(REQUIREMENT): In your copy, each line below is repeated exactly and no image appears.

(RECORDED DATA):
___

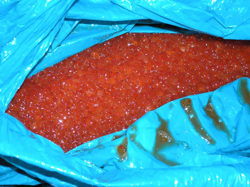 Пограничники и таможенники во вторник, 25 января, изъяли 100 кг икры у проводника поезда «Уфа-Хрьков». Как сообщает пресс-секретарь Харьковского погранотряда, в пункте пропуска «Тополи» при осмотре 5-го вагона поезда в купе №9 был обнаружен тайник. В углублениях в полу вагона в рундуках нижних сидений под резиновым покрытием обнаружилось 100 кг красной икры, расфасованной в мусорные пакеты. Выяснилось, что контрабанда принадлежит проводнику, 39-летнему гражданину Украины. Никаких документов и сертификатов на свой товар проводник не представил. А потому центнер деликатеса стоимостью 45 тыс. гривен после соответствующего решения суда подлежит уничтожению. За последние 3 дня это уже третья попытка ввоза в Украину икры лососевых рыб. Накануне работник вагона-ресторана поезда «Москва-Черновцы» пытался провезти ведро с 25-ю килограммами икры, но дальше Сумской области не уехал. Еще за день до этого пассажирка автобуса «Ростов-Одесса» в девяти пластиковых емкостях пробовала провезти 27 килограммов деликатесного продукта.
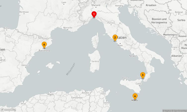 Die Reiseroute startet am 12. April 2026 in Genua (Italien) und endet am 17. April 2026 (5 Tage) in Barcelona (Spanien).
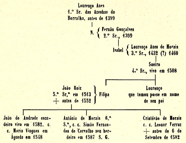testemunhas adiante espritas cõpareceu Lourenço Anes de Moraes ffilho do dito Ssoejro de Moraes, Senhorio das ditas azenhas»,... (doc. do A. da C. da B.) o qual vinha requerer para

___

(EXERCISE ANSWER):
 Пограничники и таможенники во вторник, 25 января, изъяли 100 кг икры у проводника поезда «Уфа-Хрьков». Как сообщает пресс-секретарь Харьковского погранотряда, в пункте пропуска «Тополи» при осмотре 5-го вагона поезда в купе №9 был обнаружен тайник. В углублениях в полу вагона в рундуках нижних сидений под резиновым покрытием обнаружилось 100 кг красной икры, расфасованной в мусорные пакеты. Выяснилось, что контрабанда принадлежит проводнику, 39-летнему гражданину Украины. Никаких документов и сертификатов на свой товар проводник не представил. А потому центнер деликатеса стоимостью 45 тыс. гривен после соответствующего решения суда подлежит уничтожению. За последние 3 дня это уже третья попытка ввоза в Украину икры лососевых рыб. Накануне работник вагона-ресторана поезда «Москва-Черновцы» пытался провезти ведро с 25-ю килограммами икры, но дальше Сумской области не уехал. Еще за день до этого пассажирка автобуса «Ростов-Одесса» в девяти пластиковых емкостях пробовала провезти 27 килограммов деликатесного продукта.
 Die Reiseroute startet am 12. April 2026 in Genua (Italien) und endet am 17. April 2026 (5 Tage) in Barcelona (Spanien).
testemunhas adiante espritas cõpareceu Lourenço Anes de Moraes ffilho do dito Ssoejro de Moraes, Senhorio das ditas azenhas»,... (doc. do A. da C. da B.) o qual vinha requerer para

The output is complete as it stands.